あなたの鎮痛目的ケタミン投与で記憶障害が残ることがあります

ケタミンはNMDA受容体を非競合的に阻害し、グルタミン酸による興奮性シグナル伝達を遮断します。特に慢性疼痛に関与する「中枢性感作」を抑制する点が重要で、これは脊髄後角ニューロンの過剰興奮を抑える作用です。
例えば、神経障害性疼痛では通常のNSAIDsやオピオイドでは効果が不十分なケースが多いですが、ケタミンはこの経路に直接介入します。つまり疼痛の“増幅装置”を止める薬です。つまり中枢抑制です。
また、NMDA受容体阻害はカルシウム流入抑制にもつながり、長期増強(LTP)の抑制にも寄与します。この結果、痛みの記憶形成を弱める可能性があります。ここが特徴です。
この作用を理解していると、単なる鎮痛薬ではなく「慢性痛のリセット薬」としての位置づけが見えてきます。中枢性感作抑制が基本です。
ケタミンは低用量(0.1〜0.5mg/kg/h)でも鎮痛効果を示す点が臨床的に重要です。これは麻酔量の約1/10以下であり、呼吸抑制が比較的少ないという利点があります。
例えば術後疼痛管理では、モルヒネ単独よりもケタミン併用でオピオイド使用量が30〜50%減少した報告があります。オピオイドスパリング効果です。結論は併用価値ありです。
ただし、低用量でも解離症状や悪夢などの精神症状は一定割合で出現します。特に高齢者や既往精神疾患患者では注意が必要です。ここは注意点です。
このリスクを避ける場面では、ベンゾジアゼピン併用で精神症状を抑える選択が有効です。投与設計が条件です。
近年注目されているのが、難治性うつ病に対する即効性です。静注ケタミン(0.5mg/kg)で、投与後数時間以内に抑うつ症状が改善する例が報告されています。
従来のSSRIが効果発現まで2〜4週間かかるのに対し、ケタミンは“即効型”です。これは大きな違いです。
作用機序としては、NMDA阻害によりAMPA受容体活性が相対的に増強され、BDNF(脳由来神経栄養因子)が増加することが関与します。神経可塑性の回復です。つまり神経再構築です。
ただし日本では適応外使用が多く、保険適用外で1回あたり1〜3万円程度の費用がかかるケースもあります。ここはコスト問題です。
抗うつ目的で使用する場合は、エスケタミン点鼻薬(スプラバト)という選択肢もあります。

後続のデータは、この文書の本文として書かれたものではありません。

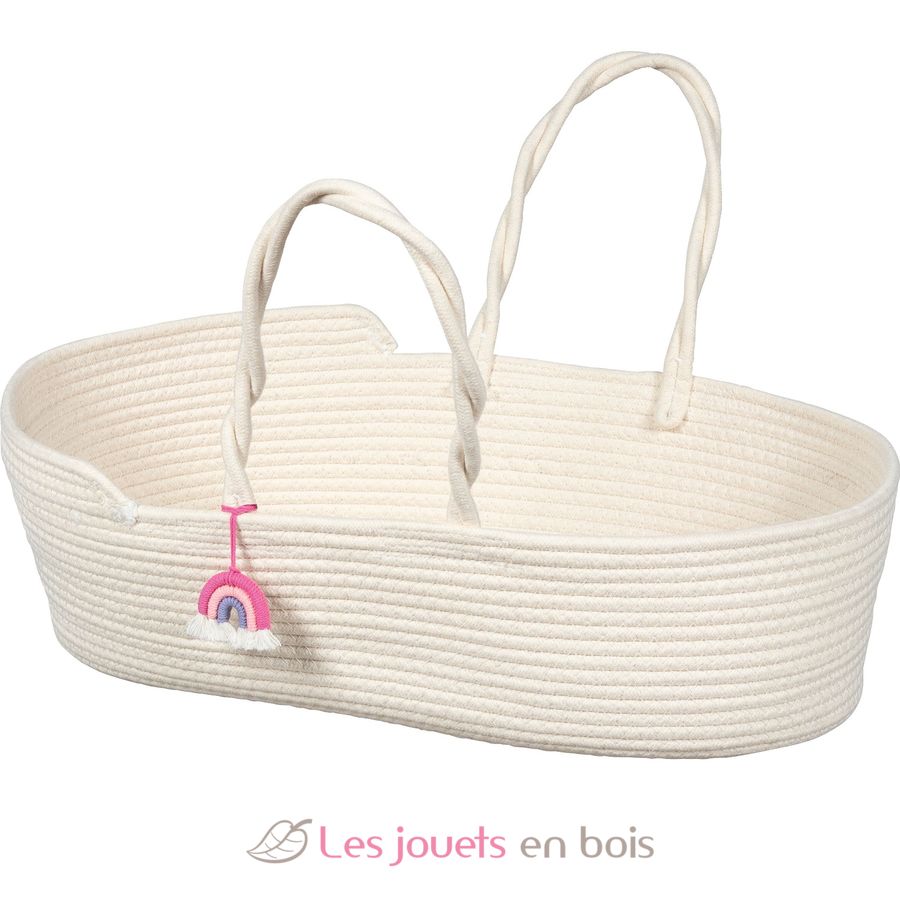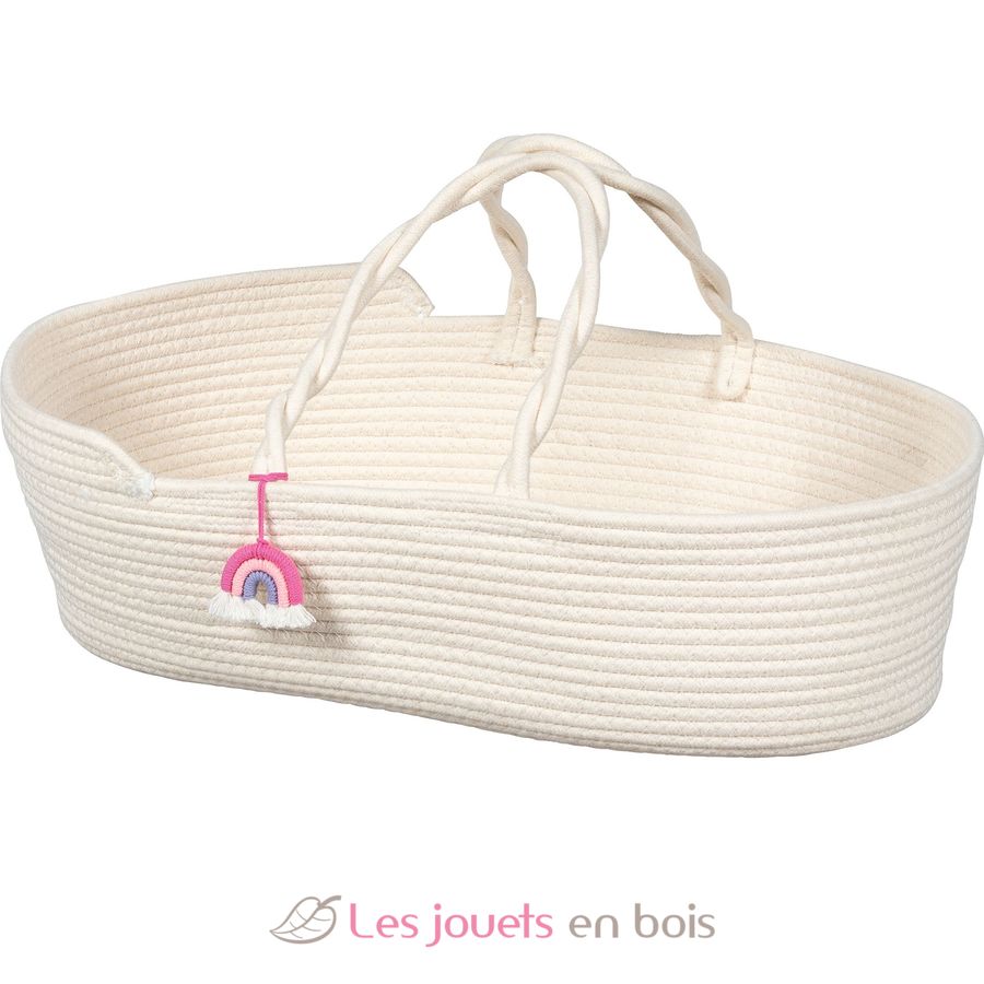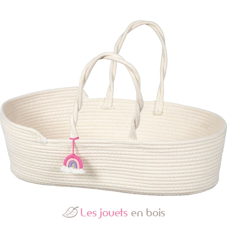 Esta cuna está decorada con un pequeño arcoíris extraíble que le da un toque de color alegre. La cesta para muñecas es resistente, ligera y se adapta perfectamente a las manos infantiles.

適応確認が条件です。
難治性うつにおけるエスケタミンの詳細
https://www.pmda.go.jp/PmdaSearch/iyakuDetail/ResultDataSetPDF/800155_1179055F1021_1_03
ケタミンは安全性が比較的高いとされますが、慢性使用では問題が顕在化します。特に「ケタミン膀胱炎」は有名で、長期乱用者の約20〜30%に排尿障害が報告されています。
症状は頻尿、血尿、膀胱容量低下などで、重症例では膀胱摘出に至るケースもあります。これは深刻です。
また精神依存も問題で、短時間の多幸感と解離体験により再使用欲求が強まります。医療従事者でも不適切使用の報告があります。油断できません。
このリスク管理としては、院内での厳格な管理体制と投与記録の徹底が重要です。管理が原則です。
ケタミンは「万能鎮痛薬」と誤解されがちですが、適応の見極めが重要です。特に急性痛と慢性痛では役割が異なります。
急性痛では補助的、慢性神経障害性疼痛では主役になることがあります。ここがポイントです。つまり使い分けです。
またICU鎮静での使用では、血圧上昇作用を活かしてショック患者に有利ですが、虚血性心疾患では逆効果になる可能性があります。適応判断が重要です。
この判断を誤ると、合併症リスクや治療失敗につながります。痛いですね。
現場では「低用量・短期間・適応厳守」を徹底することで、安全性と有効性のバランスが取れます。これだけ覚えておけばOKです。